Written by Matt Raver
Managing Director
In the aftermath of the 2008 financial crisis, a considerable amount of attention was directed at remuneration within the financial services industry. Big bonuses for greedy bankers made good tabloid headlines. Individuals such as Fred Goodwin, the head of RBS, were turned into pantomime villains and the regulators were portrayed as incompetent.
Political will heavily influenced regulatory change, including the European Union’s adoption of a framework covering remuneration; an approach not embraced in other jurisdictions including the USA. Affected financial institutions must have in place remuneration policies that are consistent with good risk management, promote healthy firm cultures and discourage poor conduct. In the UK, the framework was rolled out for the largest banks, building societies and investment firms in 2010, and it was then extended to other firms, including asset managers, market makers and brokers, in 2011.
There are currently five separate ‘remuneration codes’ for FCA regulated firms. There is also a sixth regime derived from the Second Markets in Financial Instruments Directive that focuses on those selling investment products and services to retail clients. Some investment firms are not subject to a remuneration code, including ‘Exempt CAD’ firms whose activities are restricted to receiving and transmitting orders, and advising on investments.
For investment firms, this set-up is changing. The Investment Firms Prudential Regime, which takes effect in January 2022, aims to update and simplify the prudential requirements for all investment firms. Regarding remuneration requirements, the FCA has announced that it intends to apply a ‘tiered’ approach – the components of the new regime applying to a firm will depend upon that firm’s categorisation:
The distinction between the SNI and Non-SNI designation is determined with reference to certain criteria, which are applied on either a firm specific of group-wide basis, dependent upon individual circumstances. As an example, many asset managers will be an SNI firm if their assets under management is less than £1.2 billion. A majority of investment firms will fall into this category.

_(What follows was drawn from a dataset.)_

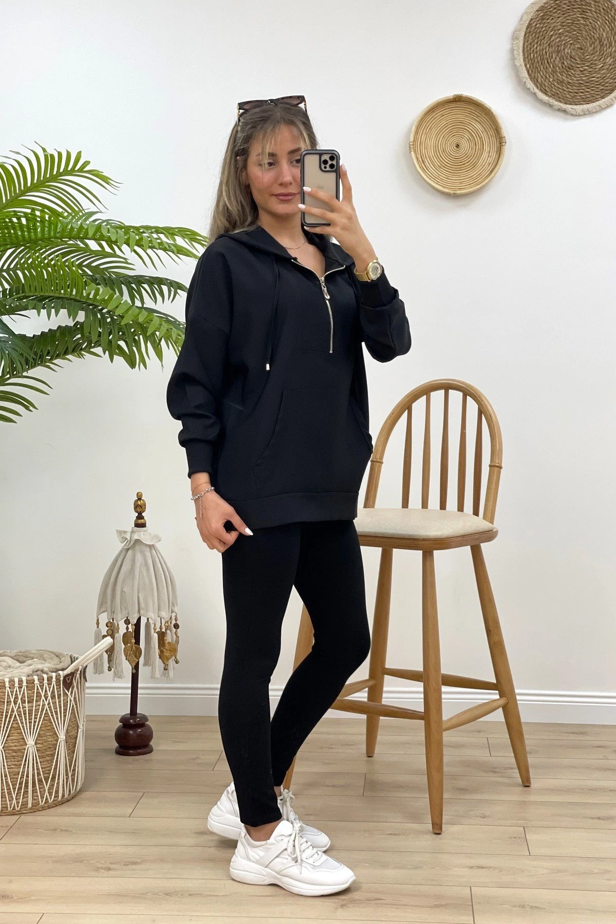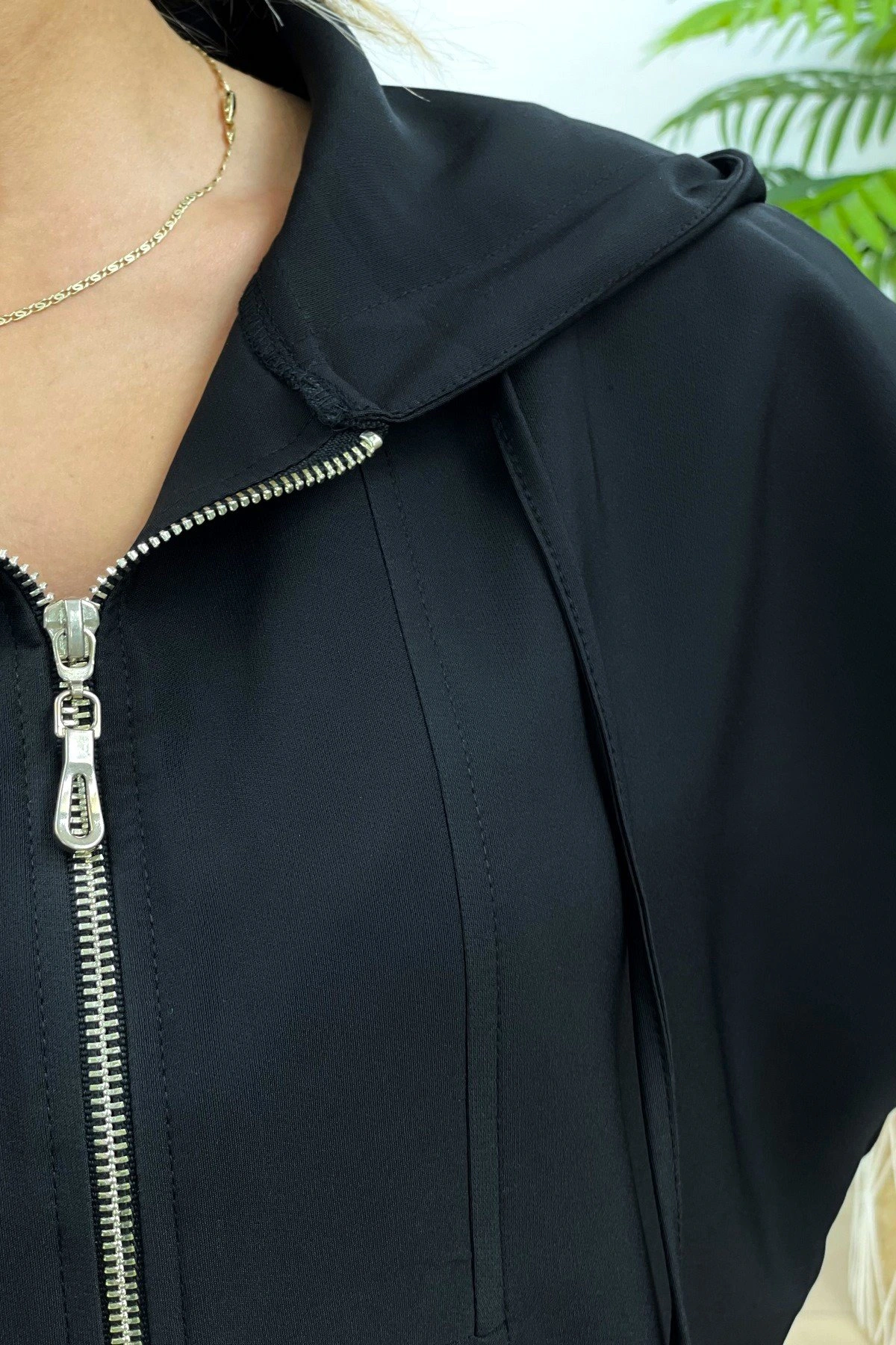 KAPİŞONLU FERMUAR DETAYLI SWEAT – SİYAH

The ‘thresholds’ for distinguishing between the two categories of Non-SNI firms are set at a level such that there will be a small number of ‘above-threshold’ firms – the FCA estimates that there will be just 101 such firms.
The ‘Basic’, ‘Standard’ and ‘Extended’ remuneration requirements are set out below; most or all of these requirements will be familiar to firms currently subject to a remuneration code:
The ‘basic’ remuneration requirements tend to be more principles-based in nature. As a result, SNI firms will have considerable discretion on how to apply the requirements. Many SNI firms that are currently subject to a remuneration code will find that the new remuneration framework will not be as onerous as is the case currently.
The ‘standard’ and ‘extended’ requirements are more prescriptive in nature. The most onerous and historically contentious requirements fall into the ‘extended’ category, including the so-called ‘pay-out process requirements’ covering part-payment of variable remuneration in financial instruments and the part-deferral of variable remuneration.
Collective portfolio management investment firms (CPMIs) which are authorised as full-scope AIFMs or UCITS management firms, and can also perform certain other investment services, will be subject to two remuneration codes: the code derived from AIFMD; and the relevant code from the new framework. How these apply to any given staff member will depend upon whether the individual works on the ‘AIFMD’ side of the business, the ‘MiFID’ side, or both sides.
The FCA consulted with the industry on the ‘tiered’ approach, and received positive feedback. Whilst the FCA continues to take remuneration seriously – it is conceptually very closely aligned with culture, conduct and accountability which are regulatory ‘hot topics’ – a majority of firms can adopt a pragmatic, principles-based framework.
This represents a radical departure from the regulatory philosophy post-financial crisis, which saw investment firms grouped with banks, credit unions and other credit institutions, despite the respective firm types often having very different risk profiles. Investment firms were often able to apply proportionality to the requirements based upon their size, nature and characteristics. However this created inconsistent outcomes. By creating a tiered approach, the end result might be that the regulatory outcomes will be more aligned with the risk of harms, whilst reducing the burden for smaller, less risky firms.